Максим Горький - Мать. Дело Артамоновых
В жизнь Якова угловатая, черная фигура дяди внесла еще одну тень, вид монаха вызывал в нем тяжелые предчувствия, его темное, тающее лицо заставляло думать о смерти. Яков Артамонов смотрел на все, что творилось дома, с высоты забот о себе самом, но хотя заботы всё возрастали, однако и дома тоже возникало все больше новых тревог. Чутье мужчины, опытного в делах любви, подсказывало ему, что Полина стала холоднее с ним, а хладнокровный поручик Маврин подтверждал подозрения Якова; встречаясь с ним, поручик теперь только пренебрежительно касался пальцем фуражки и прищуривал глаза, точно разглядывая нечто отдаленное и очень маленькое, тогда как раньше он был любезней, вежливее и в общественном собрании, занимая у Якова деньги на игру в карты или прося его отсрочить уплату долга, не однажды одобрительно говорил:
— У вас, Артамонов, фигура артиллериста.
Или говорил что-нибудь другое, тоже приятное. Якову льстило грубоватое добродушие этого точно из резины отлитого офицера, удивлявшего весь город своим презрением к холоду, ловкостью, силой и, несомненно, скрытой в нем отчаян-ной храбростью. Он смотрел в лица людей круглыми, каменными глазами и говорил сиповато, командующим голосом:
— Я мужчина хладнокровный и терпеть не могу преувеличений.
Поссорившись за картами с почтмейстером Дроновым, больным, но ехидного ума старичком, которого все в городе боялись, Маврин сказал ему:
— Преувеличивать не стану, но вы — старый дурак!
Подозревая в нем соперника, Яков Артамонов боялся столкновений с поручиком, но у него не возникало мысли о том, чтоб уступить Маврину Полину, — женщина становилась все приятнее ему.
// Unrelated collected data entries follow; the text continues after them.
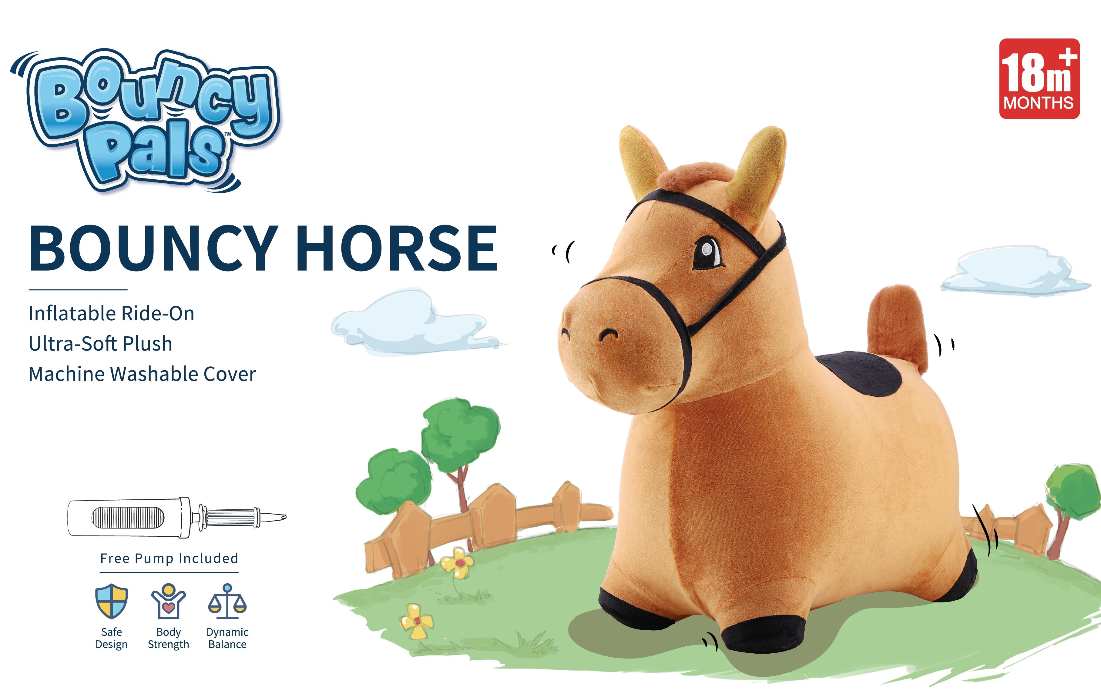 Bounce away with Bouncy Pals' Brown Horse - a zero-friction hopper made of safe, snuggly plush and ready to hop indoors and outdoors! This nifty bounce toy comes with a pump and is perfectly sized for 18 to 24 month old toddlers and 2 to 5 year old kids. What a treat! (Dimensions: 19.5"L x 9.5"W x 19.5"H; Weight: 3.22 lbs; Age: 3+ yrs).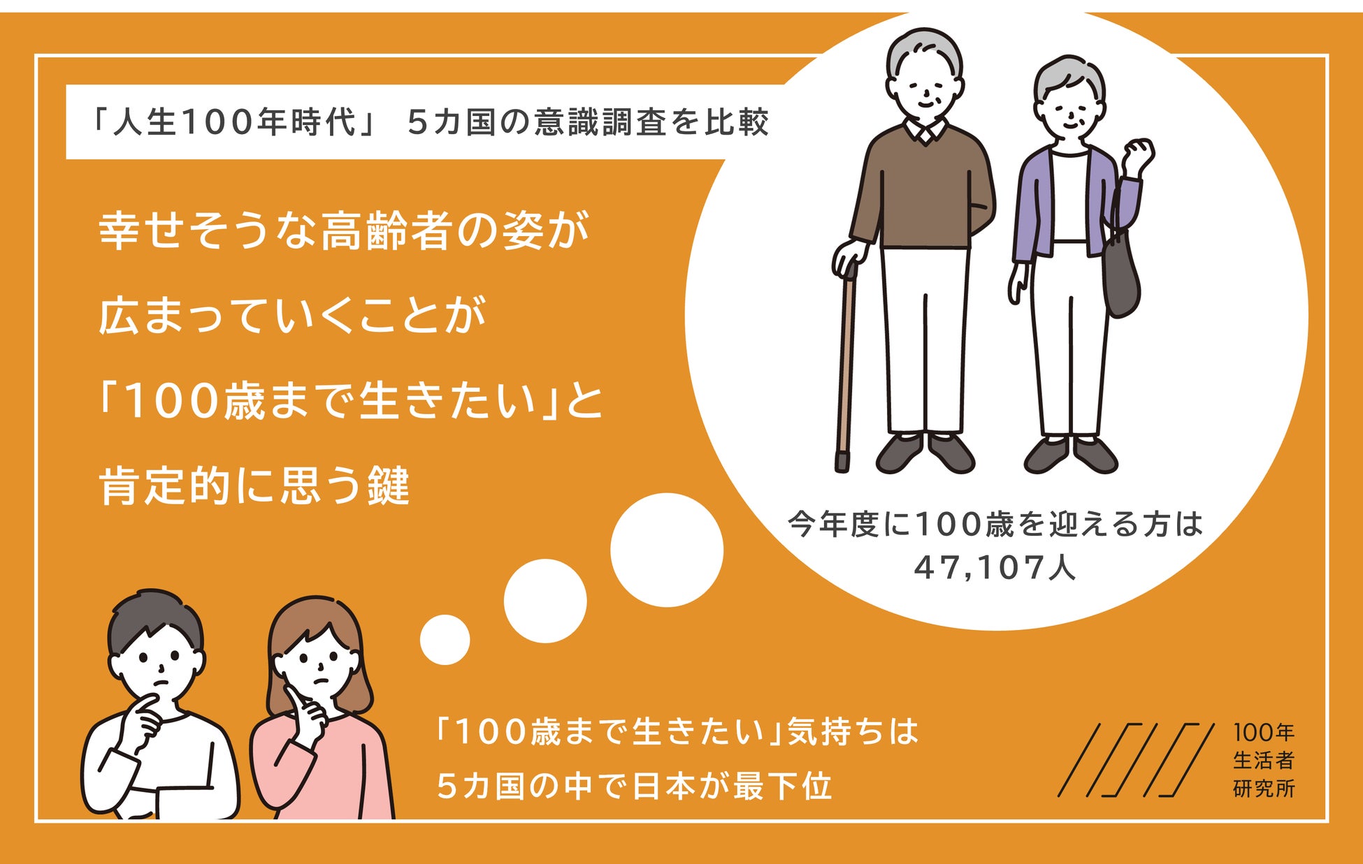 9月15日の「老人の日」に合わせて厚生労働省が発表した百歳高齢者表彰の対象者は前年よりも1,966人多い47,107人だった一方、当研究所設立時の調査では100歳まで生きたいと考えている日本人が3割にとどまりました。これが日本特有であるのかを明らかにするため、他国が人生100年時代をどのように受け止めているのかを調べ、昨年3月に実施した国内調査と比較したところ、「100歳まで生きたい」気持ちや幸福度は日本が対象5か国で最も低いことが分かりました。しかしながら他の調査結果を踏まえると、幸せに過ごしている100歳のロールモデルが身近にいれば、日本人の100歳まで生きたい気持ちを向上させる可能性が示唆されました。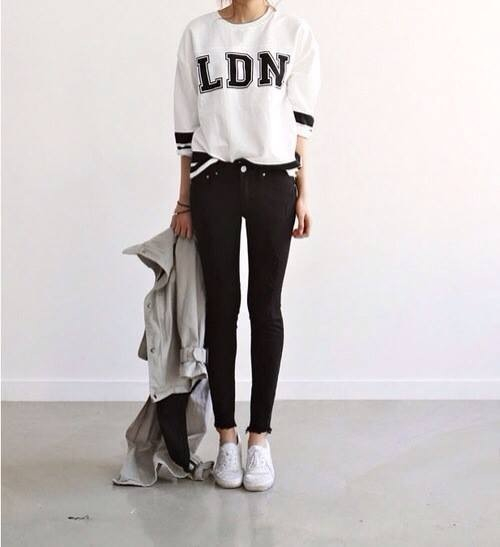 這組完全就是最基本且不敗的穿搭組合,不僅舒適又不失女孩的可愛感,配件的部分可以再加個輕巧的小包或是手拿包,俐落的褲裝加上寬鬆可以修飾身材的上衣,是很適合跟好姊妹吃飯或是與男友約會的穿搭。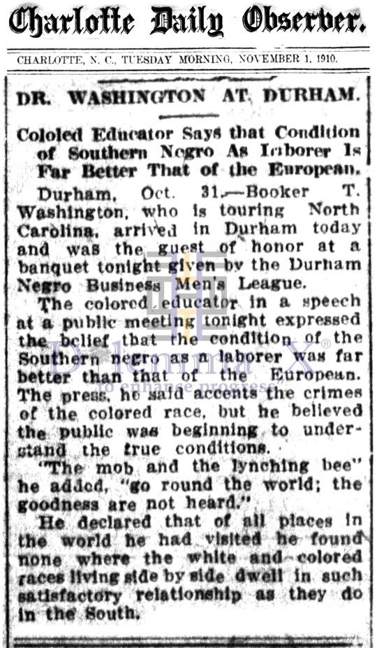 When Booker T. Washington visited Durham NC, Duke University and toured the state of North Carolina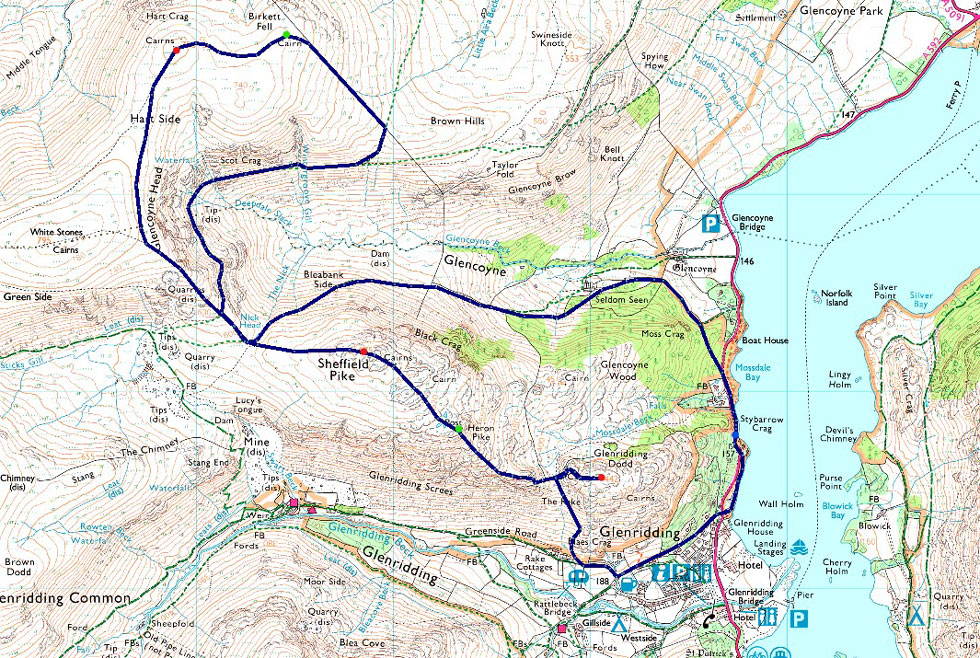 Stybarrow Crag - Ullswater Shore Path - Greenside Road - The Rake - Glenridding Dodd - Heron Pike - Sheffield Pike - Nick Head - Hart Side - Birkett Fell - Glencoyne Traverse - Nick Head - Seldom Seen - Stybarrow Crag |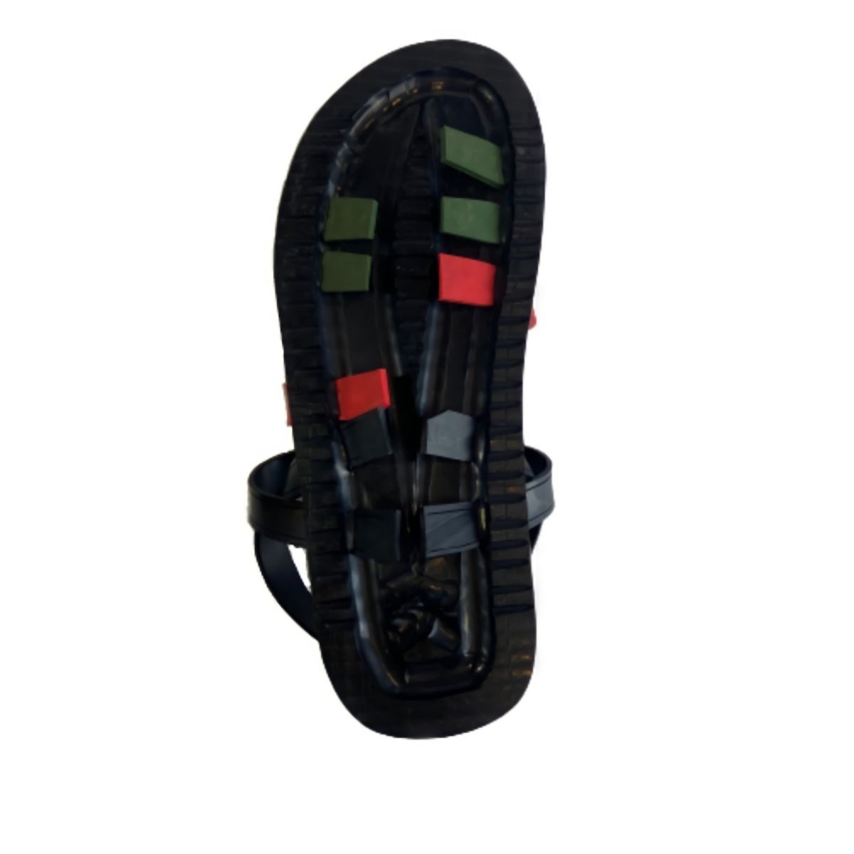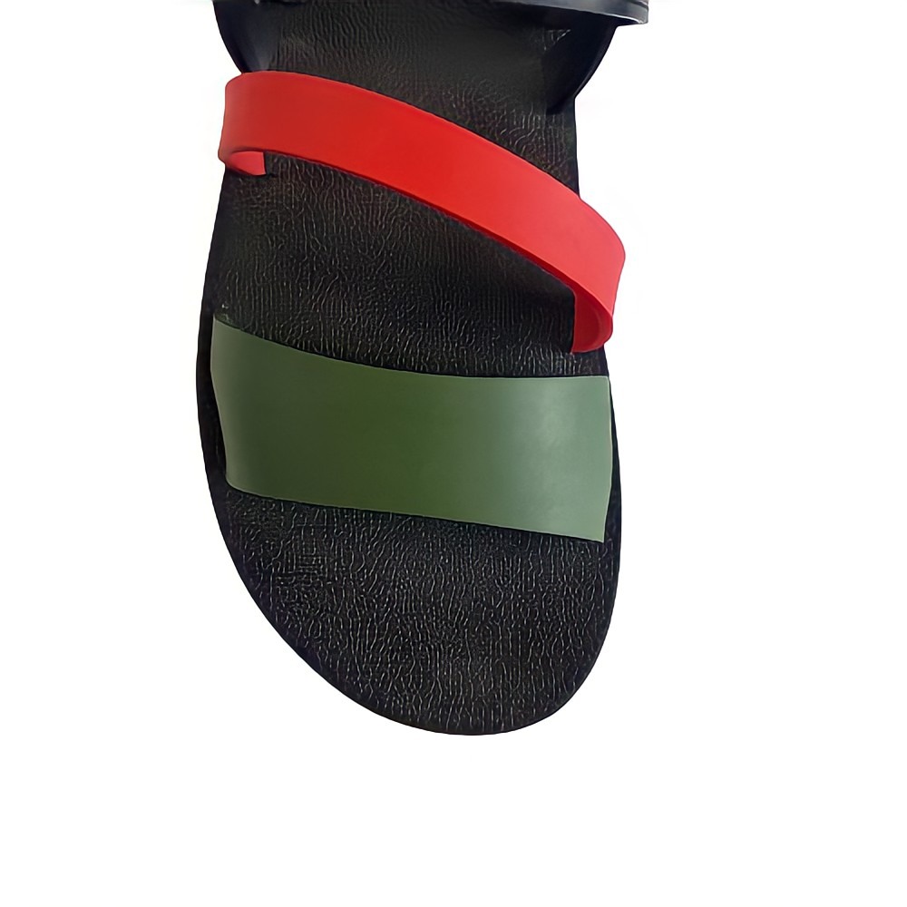 The design features three colored front straps in black, red, and green paired with a supportive black heel strap and classic black sole. This balanced strap layout offers a secure fit and modern handcrafted style, making the sandals comfortable for everyday wear, travel, and outdoor lifestyles.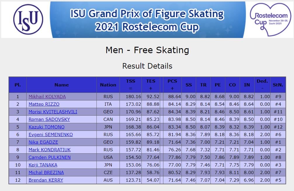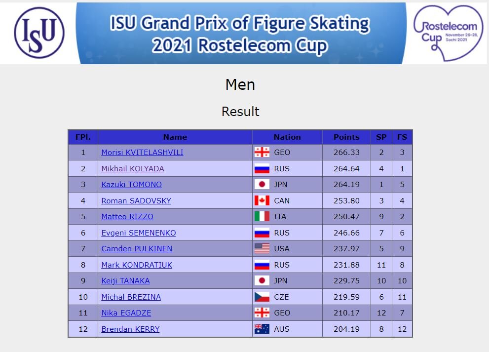 こちらは、先程終わったロステレコム杯男子シングルFSの結果です。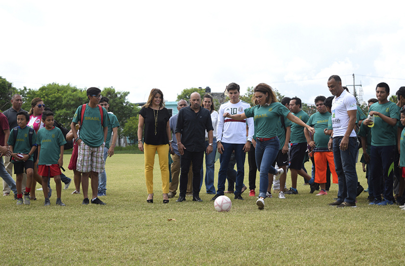 Cancún.- Como parte de las acciones que emprende el Sistema DIF Benito Juárez para fomentar el deporte, como estrategia para el sano esparcimiento y la promoción de la salud, la Presidenta de la Institución, Gloria Torruco de O’Farrill, inauguró el Torneo de Futbol Soccer “De la calle a la vida DIF 2018-2019”, junto con los ex futbolistas brasileños Marcos Evangelista de Morães y José Ailton Da Silva.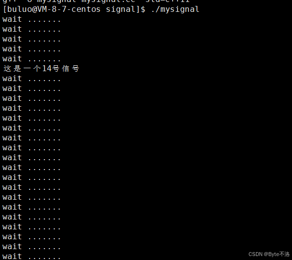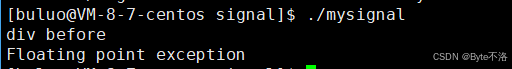 可以看到我们的结论是正确的,确实整数除0之后,进程会收到一个8号信号,但是现在就有一个问题就是,我们明明只是除了一次0,按照正常的逻辑,即使我们自定义行为了,它也因该只打印一条语句就好了呀,但是从结果来看,这个程序反而一直在打印,这是什么原因呢?难道是进程一直收到8号信号吗?但是我明明只是除了一次0,而且自定义的行为也已经执行了,为什么还会一直打印呢?

Все-таки он уже не однажды предупреждал ее:
— Смотри, если замечу что-нибудь между тобой и Мавриным — брошу!
Рядом с этим росла тревога, которую вызывал в нем охотник Носков. Он подстерегал Якова на окраине города, у мостика через Ватаракшу, внезапно вырастал из земли и настойчиво, как должного, просил денег, глядя в свою фуражку.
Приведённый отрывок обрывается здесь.